:: What you have to do ::
Write out the whole listing exactly; no images belong in it.

:: Information supplied ::
★ ★ ★ ★ ★ ★ ★

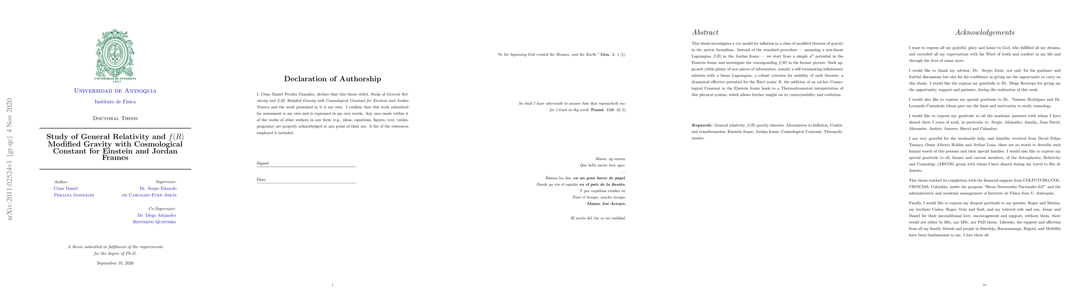This thesis investigates a toy model for inflation in a class of modified theories of gravity in the metric formalism. Instead of the standard procedure -- assuming a non-linear Lagrangian $f(R)$ in the Jordan frame -- we start from a simple {\phi}^2 potential in the Einstein frame and investigate the corresponding $f(R)$ in the former picture. Such approach yields plenty of new pieces of information, namely a self-terminating inflationary solution with a linear Lagrangian, a robust criterion for stability of such theories, a dynamical effective potential for the Ricci scalar $R$, the addition of an ad-hoc Cosmological Constant in the Einstein frame leads to a Thermodynamical interpretation of this physical system, which allows further insight on its (meta)stability and evolution.
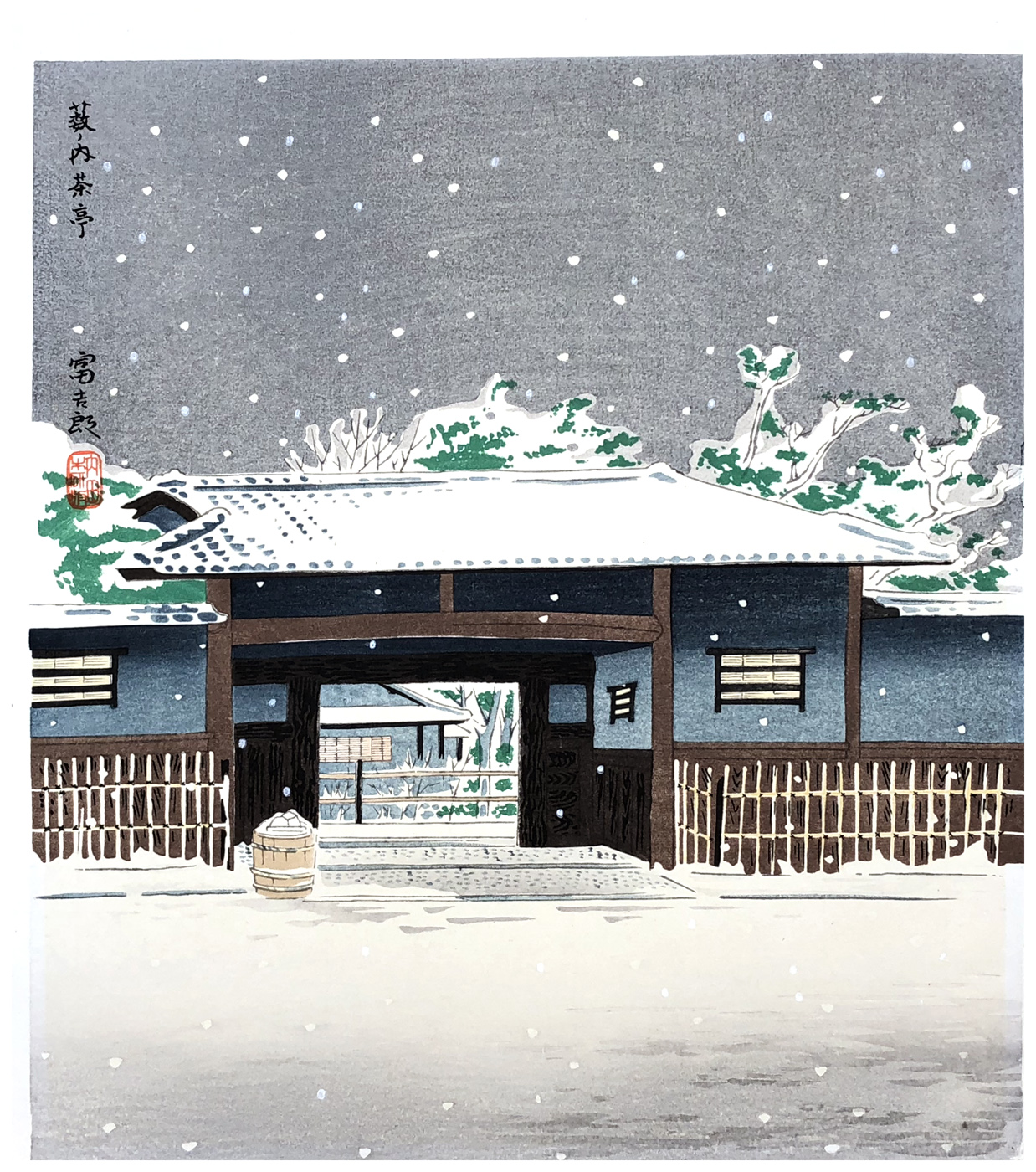 Woodblock Prints Title: Yabunouchi Tea House in Snow, from the series, "Hanga Kyoraku Ju-go Kei" (Fifteen Views of Kyoto)
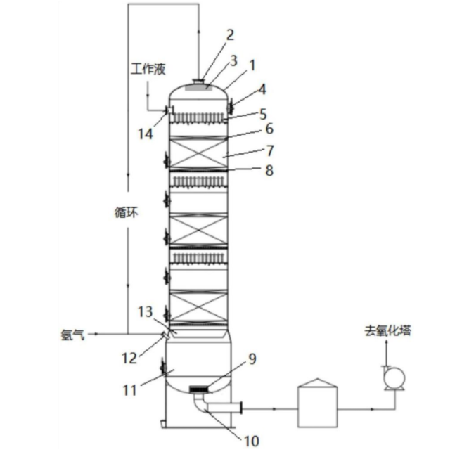 本实用新型公开了一种蒽醌法制备双氧水的氢化系统。系统包括氢化塔,氢化塔的上端设有出气管,氢化塔的下端设有出液管,氢化塔内从上往下依次设有三个触媒机构,位于最下方的触媒机构的下侧通过导流板连接有气液分离器,气液分离器的出料口与出液管连接,气液分离器的一侧连接有氢气进气管,氢化塔一侧且位于最上方的触媒机构的上方设有工作液进液管。本实用新型可根据工艺需要串联一节或两节,也可以同时串联三节使用,根据氢化效率及生产能力的要求而定自主调节,增强生产灵活性,通过塔内多层触媒反应,不仅可以达到较高氢效,而且能有效降低塔高,有助于提高产品浓度与装置规模,降低催化剂及蒽醌的消耗。

★ ★ ★ ★ ★ ★ ★

:: Answer box ::
This thesis investigates a toy model for inflation in a class of modified theories of gravity in the metric formalism. Instead of the standard procedure -- assuming a non-linear Lagrangian $f(R)$ in the Jordan frame -- we start from a simple {\phi}^2 potential in the Einstein frame and investigate the corresponding $f(R)$ in the former picture. Such approach yields plenty of new pieces of information, namely a self-terminating inflationary solution with a linear Lagrangian, a robust criterion for stability of such theories, a dynamical effective potential for the Ricci scalar $R$, the addition of an ad-hoc Cosmological Constant in the Einstein frame leads to a Thermodynamical interpretation of this physical system, which allows further insight on its (meta)stability and evolution.
 Woodblock Prints Title: Yabunouchi Tea House in Snow, from the series, "Hanga Kyoraku Ju-go Kei" (Fifteen Views of Kyoto)
 本实用新型公开了一种蒽醌法制备双氧水的氢化系统。系统包括氢化塔,氢化塔的上端设有出气管,氢化塔的下端设有出液管,氢化塔内从上往下依次设有三个触媒机构,位于最下方的触媒机构的下侧通过导流板连接有气液分离器,气液分离器的出料口与出液管连接,气液分离器的一侧连接有氢气进气管,氢化塔一侧且位于最上方的触媒机构的上方设有工作液进液管。本实用新型可根据工艺需要串联一节或两节,也可以同时串联三节使用,根据氢化效率及生产能力的要求而定自主调节,增强生产灵活性,通过塔内多层触媒反应,不仅可以达到较高氢效,而且能有效降低塔高,有助于提高产品浓度与装置规模,降低催化剂及蒽醌的消耗。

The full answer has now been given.